* _Work instruction_
Starting at the top of the records below, write out each line exactly as it stands, stopping after the line with "solo, 1girl, Marigold_ts, brown"; exclude the pictures.

* _Records to process_
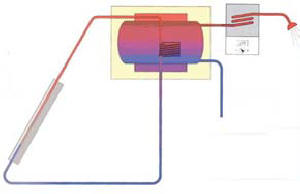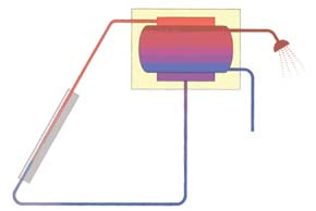 All'interno del sistema un fluido termovettore di acqua e glicole scaldandosi sale per convezione verso l'accumulo di acqua sanitaria e cede il calore catturato dal sole.
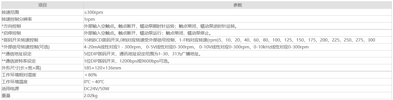 說明:*項目為撥碼開關結合外部信號控制方式所特有
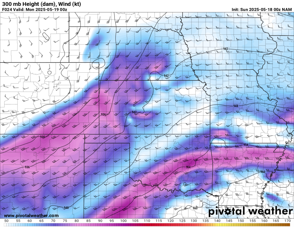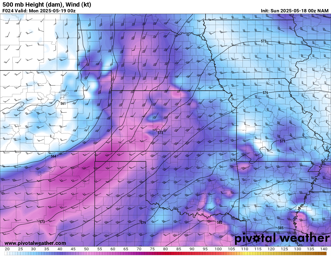 A very strong ski jump jet would slap into Oklahoma for the 17th, 18th and 19th. The 18th and 19th looked to be the better days, with excellent trough geometry.
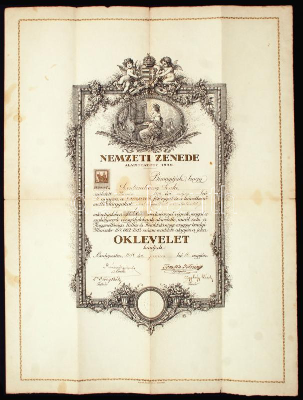 1916 Bp., A Nemzeti Zenede által a zongora főtárgy sikeres elvégzéséér... https://www.darabanth.com/de/230-Fernauktion/230.0/Andere-Sammelgebiete/Dokument~200030/1916-Bp-A-Nemzeti-Zenede-altal-a-zongora-fotargy-sikeres-elvegzeseert-kibocsatott-diszes-~II1032710
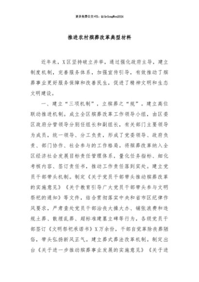 / 【七哥公文】2024年:推进农村殡葬改革典型材料+更多免费公文+VX:QiGeGongWen2024
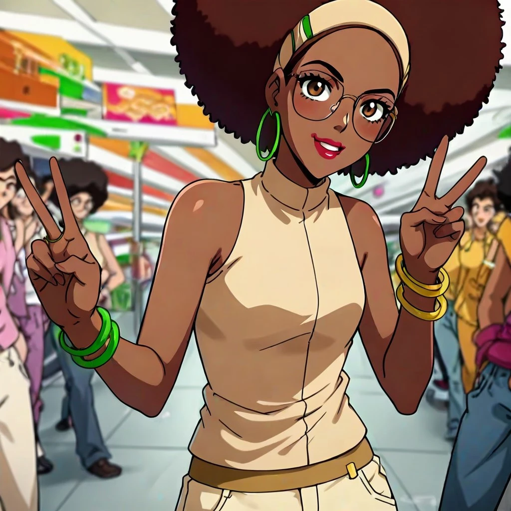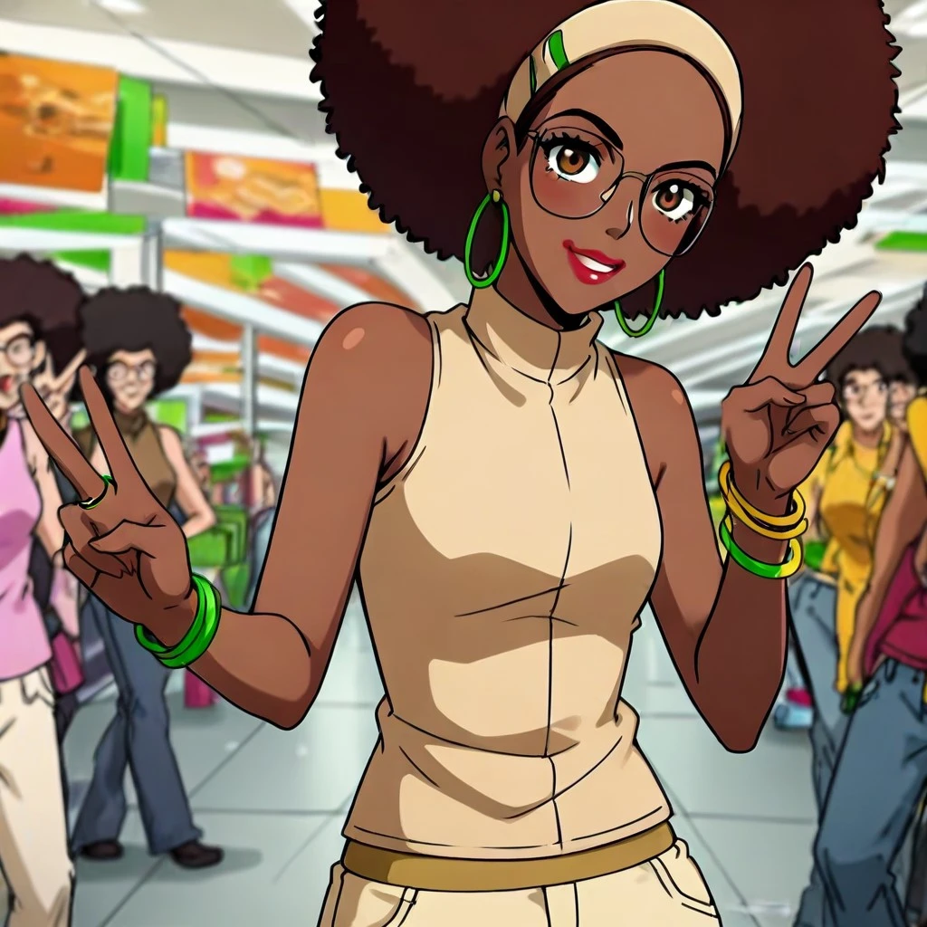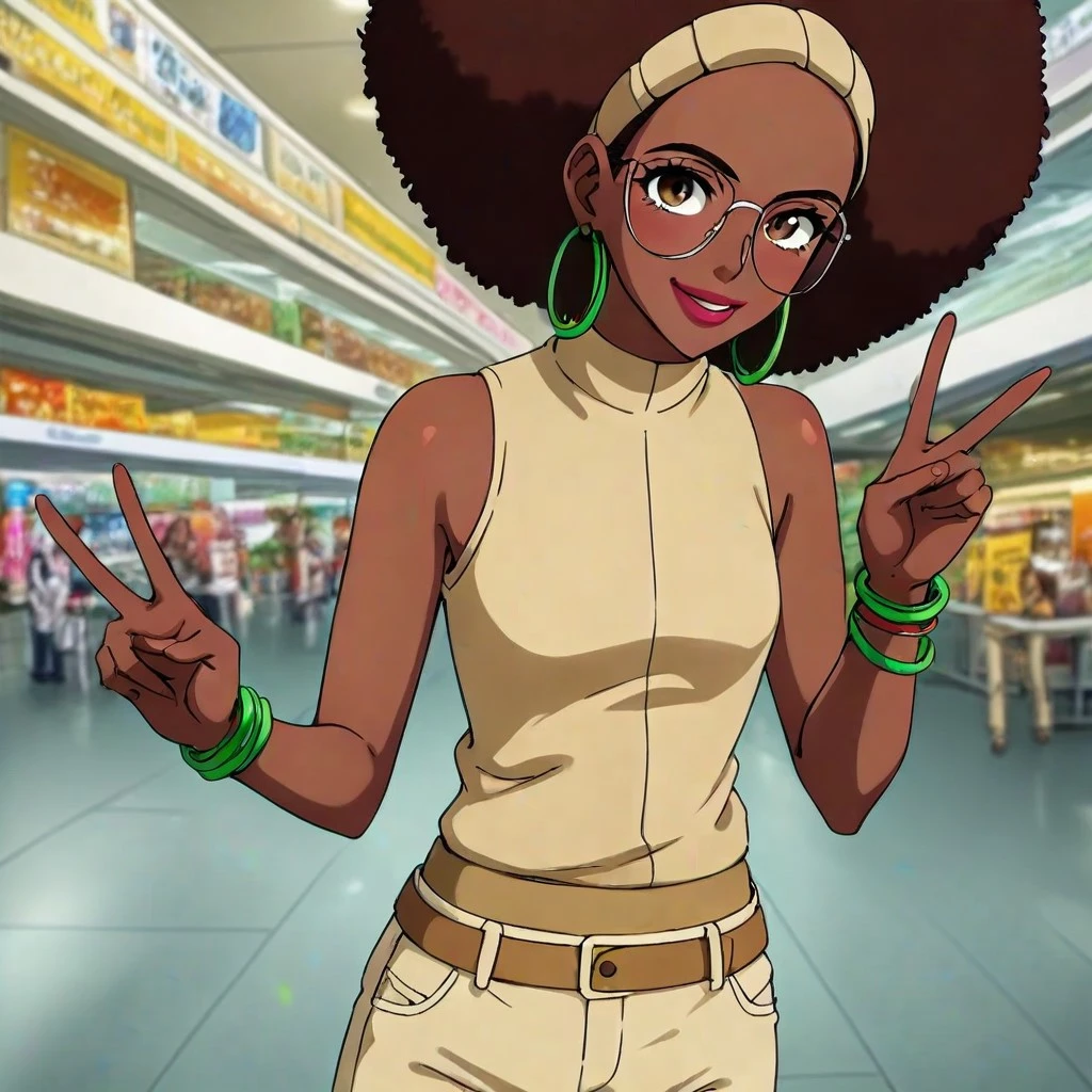 solo, 1girl, Marigold_ts, brown eyes, brown hair, afro, dark skinned female, lipstick,
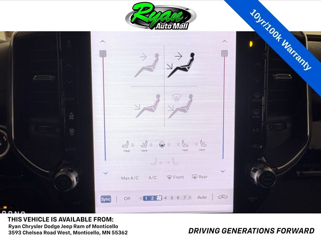 The Laramie trim is known for its upscale interior and thoughtful standard equipment. Inside the spacious Crew Cab, youll find leather-trimmed seating, heated and ventilated front seats, a heated steering wheel, dual-zone automatic climate control, and a power-adjustable drivers seat with memory. A large touchscreen infotainment system with Apple CarPlay and Android Auto capability anchors the center of the dash, complemented by a digital instrument cluster that clearly displays key vehicle information. Advanced safety and driver-assist technologies, including blind spot monitoring, rear cross-traffic alert, adaptive cruise control, and parking assistance features, help enhance confidence whether commuting around Monticello or heading out on longer highway drives.
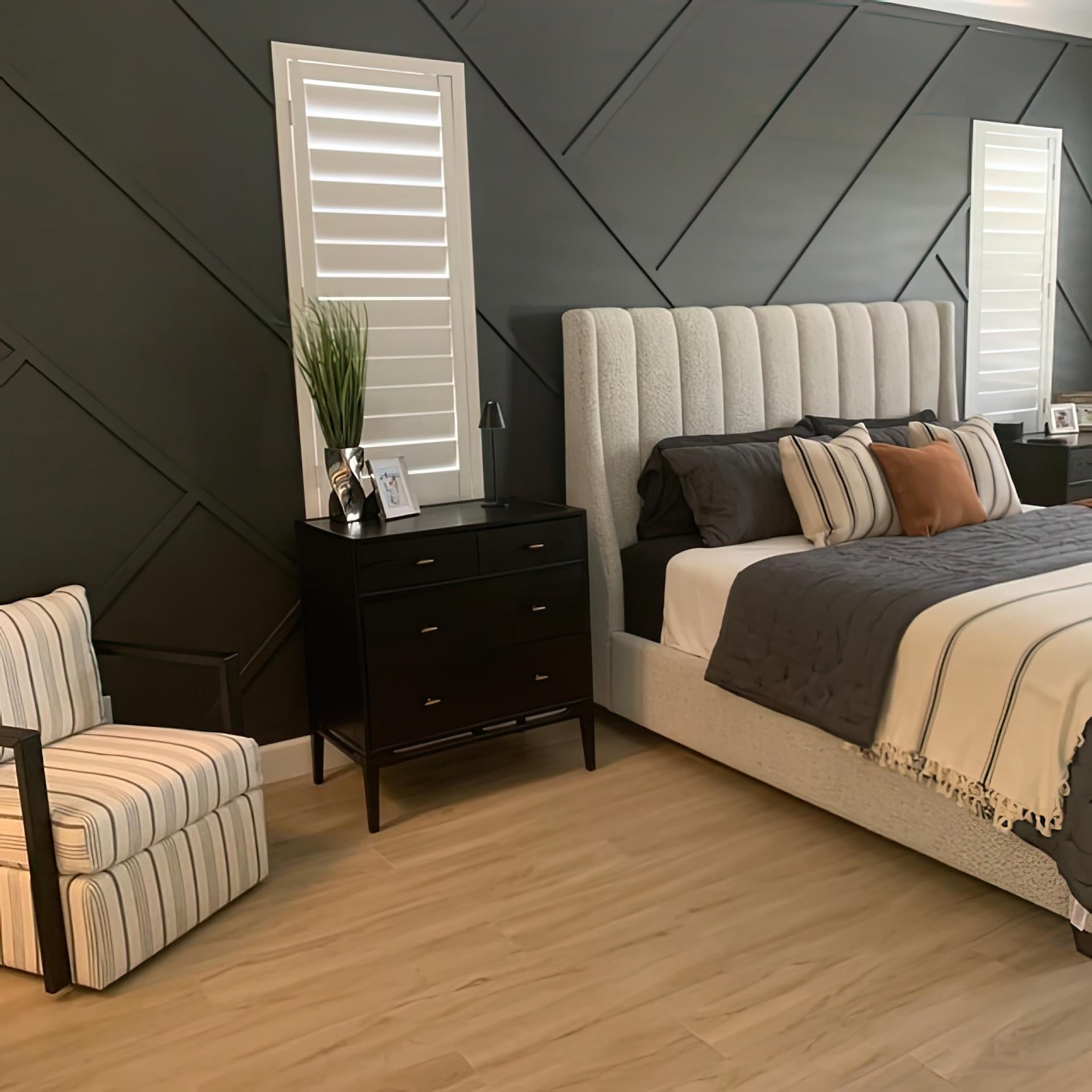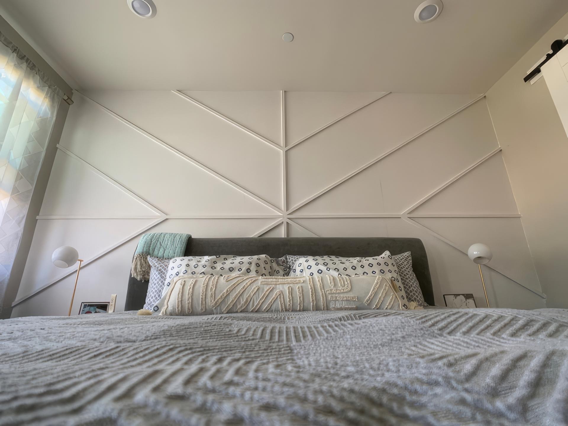 Modern Classic Bedroom with Polyurethane Molding and Geometric Wall Design
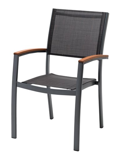 Lagana baštenska stolica od aluminijuma i dugotrajnog textilena. Nasloni za ruke od tvrdog drveta.
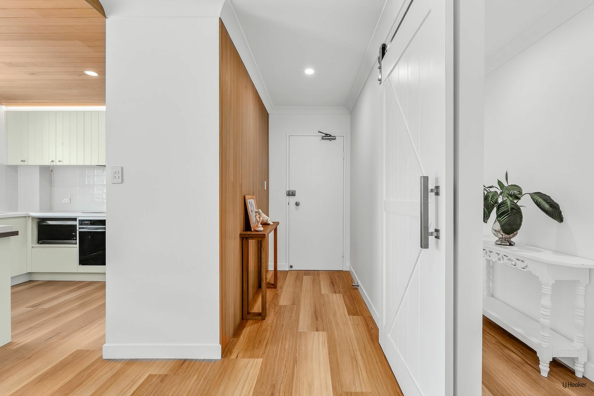 The designer kitchen is a statement in both form and function, featuring bespoke panelled cabinetry, stone benchtops, handmade-look tiled splashback, integrated appliances and a custom blackbutt hardwood dining extension - ideal for entertaining or everyday indulgence.
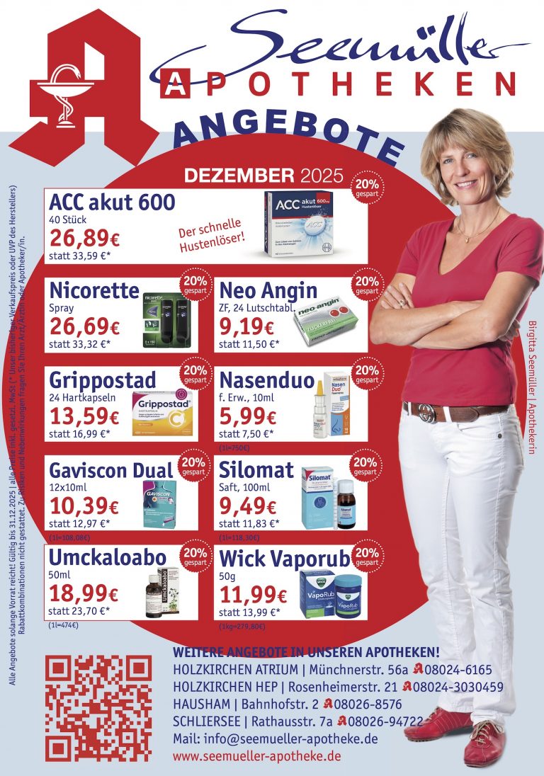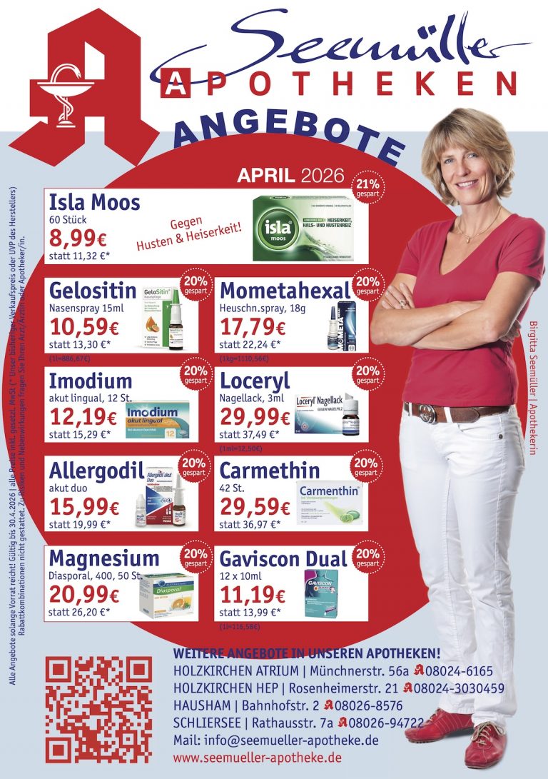 Bei uns finden Sie Beratung und Hilfe in Fragen der Gesundheit und des Wohlbefindens! Besuchen Sie eines unserer vier Häuser in der Region (Schliersee, Hausham, Holzkirchen-Atrium und Holzkirchen-HEP) und erleben Sie unser engagiertes Apotheken-Team! Sie finden bei uns nicht nur Medikamente und Beratung, sondern auch ein breit gefächertes Angebot an Wellness- und Kosmetik-Sortimenten!
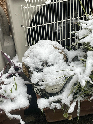 朝4時頃起きて外を眺めると数センチの積雪でした。
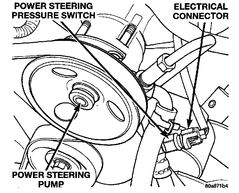A pressure sensing switch is included in the power steering system (mounted on the high-pressure line). This switch will be used only on vehicles equipped with a 2.5L engine and power steering. The switch provides an input to the Powertrain Control Module (PCM). This input is provided during periods of high pump load and low engine rpm; such as during parking maneuvers. The PCM will then increase the idle speed through the Idle Air Control (IAC) motor. This is done to prevent the engine from stalling under the increased load.
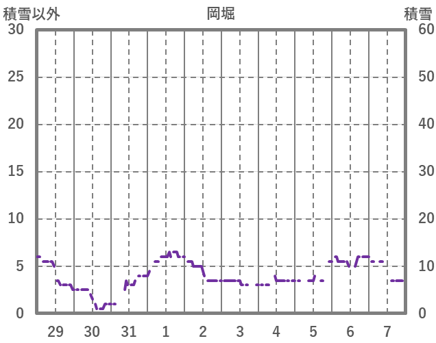 | 日 | 時 | 気温 | 降水 | 風向/風速 | 日照 | 積雪 | 降雪 |

* _Result of this exercise_
 All'interno del sistema un fluido termovettore di acqua e glicole scaldandosi sale per convezione verso l'accumulo di acqua sanitaria e cede il calore catturato dal sole.
 說明:*項目為撥碼開關結合外部信號控制方式所特有
 A very strong ski jump jet would slap into Oklahoma for the 17th, 18th and 19th. The 18th and 19th looked to be the better days, with excellent trough geometry.
 1916 Bp., A Nemzeti Zenede által a zongora főtárgy sikeres elvégzéséér... https://www.darabanth.com/de/230-Fernauktion/230.0/Andere-Sammelgebiete/Dokument~200030/1916-Bp-A-Nemzeti-Zenede-altal-a-zongora-fotargy-sikeres-elvegzeseert-kibocsatott-diszes-~II1032710
 / 【七哥公文】2024年:推进农村殡葬改革典型材料+更多免费公文+VX:QiGeGongWen2024
 solo, 1girl, Marigold_ts, brown eyes, brown hair, afro, dark skinned female, lipstick,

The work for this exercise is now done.